◆ What the task requires ◆
Skip every picture and copy only the lines from the one containing "Второй блочный дом" to the final line of the records below.

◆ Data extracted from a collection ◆
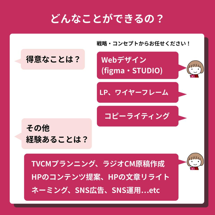 広告代理店でコピーライター・プランナーとして3年弱働いた経験を活かし、ディレクション/Webデザイナー/コピーライターとしてフリーランスで活動しています。
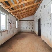 Второй блочный дом (готовность 65%) впечатляет своими параметрами. Два полноценных этажа и 190м2 общей площади позволят реализовать любые планировочные решения. На первом этаже – 4 больших помещения: вестибюль, холл с лестницей и 2 изолированные комнаты. На втором этаже – общее не зонированное пространство.
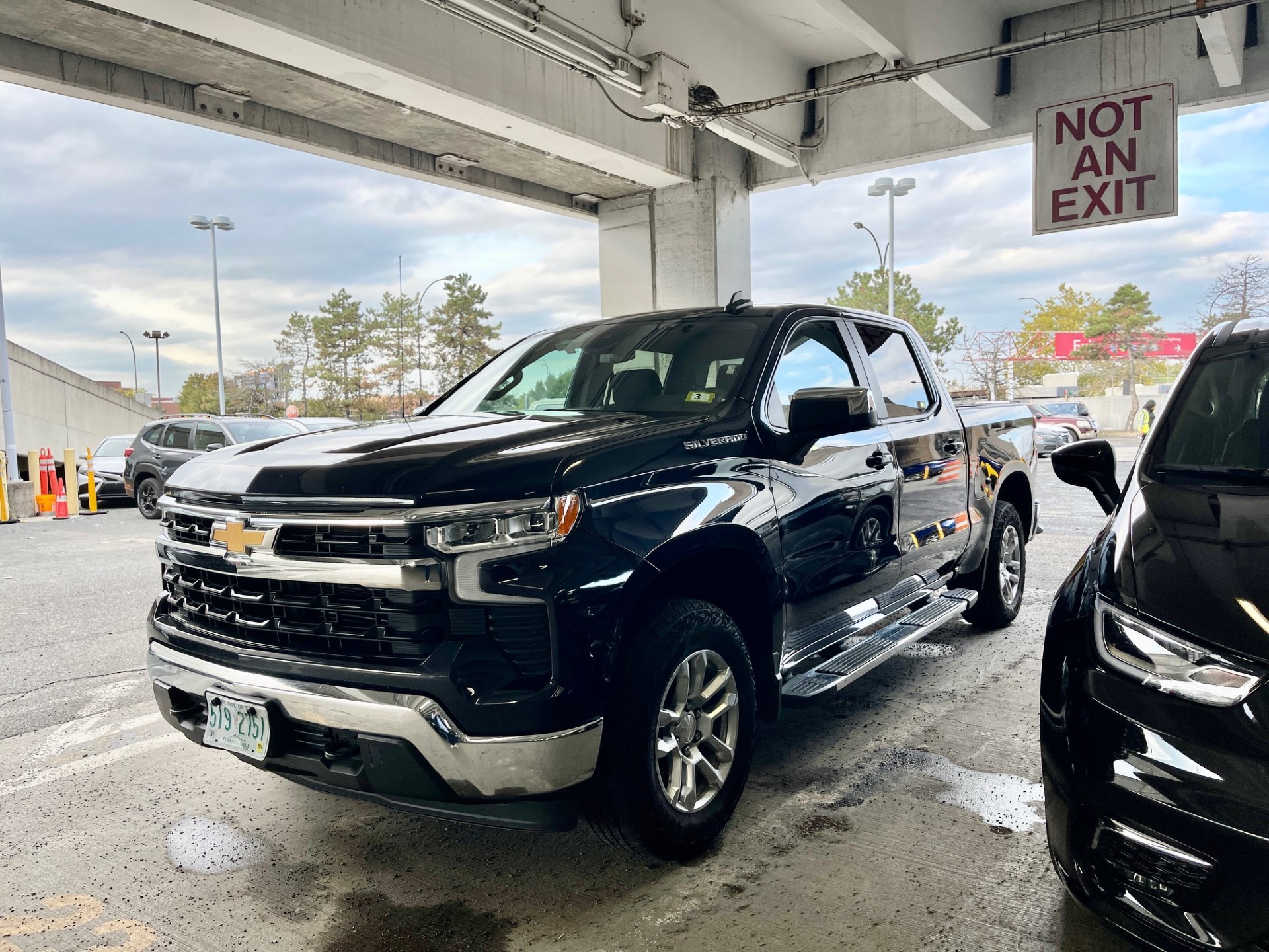 Upgrade genomen (hoeveel ter plaatse bijbetaald/gekregen (gratis)): mocht kiezen uit meerdere pick-ups. Een Colorado of RAM 1500 kon ook, maar de Colorado vond ik te klein en de 1500 te groot (en niet nieuw). Dus maar een Silverado met New Hampshire plates. :)
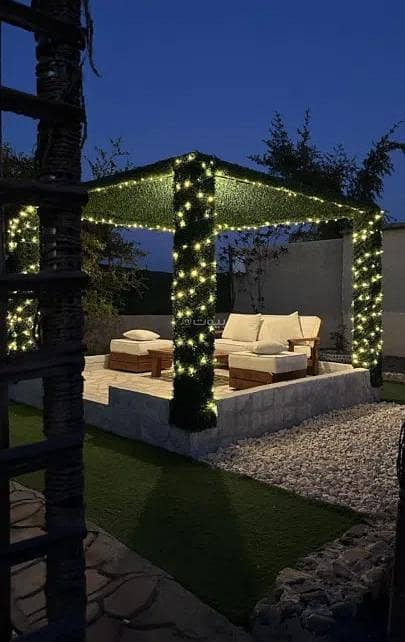 - المساحات الخارجية: حديقة تُزرع ومسطحات خضراء، مسبح خاص
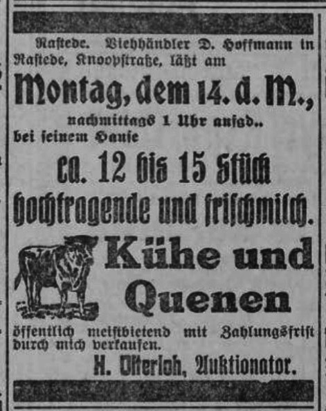 Vahlenkamp, Werner: Von der Achtung zur Ächtung: Die Geschichte der Rasteder Juden. Oldenburg 1989, S. 42. (Das Buch kann in der Gemeindebücherei Rastede ausgeliehen werden.)

◆ Reply to the task ◆
 Второй блочный дом (готовность 65%) впечатляет своими параметрами. Два полноценных этажа и 190м2 общей площади позволят реализовать любые планировочные решения. На первом этаже – 4 больших помещения: вестибюль, холл с лестницей и 2 изолированные комнаты. На втором этаже – общее не зонированное пространство.
 Upgrade genomen (hoeveel ter plaatse bijbetaald/gekregen (gratis)): mocht kiezen uit meerdere pick-ups. Een Colorado of RAM 1500 kon ook, maar de Colorado vond ik te klein en de 1500 te groot (en niet nieuw). Dus maar een Silverado met New Hampshire plates. :)
 - المساحات الخارجية: حديقة تُزرع ومسطحات خضراء، مسبح خاص
 Vahlenkamp, Werner: Von der Achtung zur Ächtung: Die Geschichte der Rasteder Juden. Oldenburg 1989, S. 42. (Das Buch kann in der Gemeindebücherei Rastede ausgeliehen werden.)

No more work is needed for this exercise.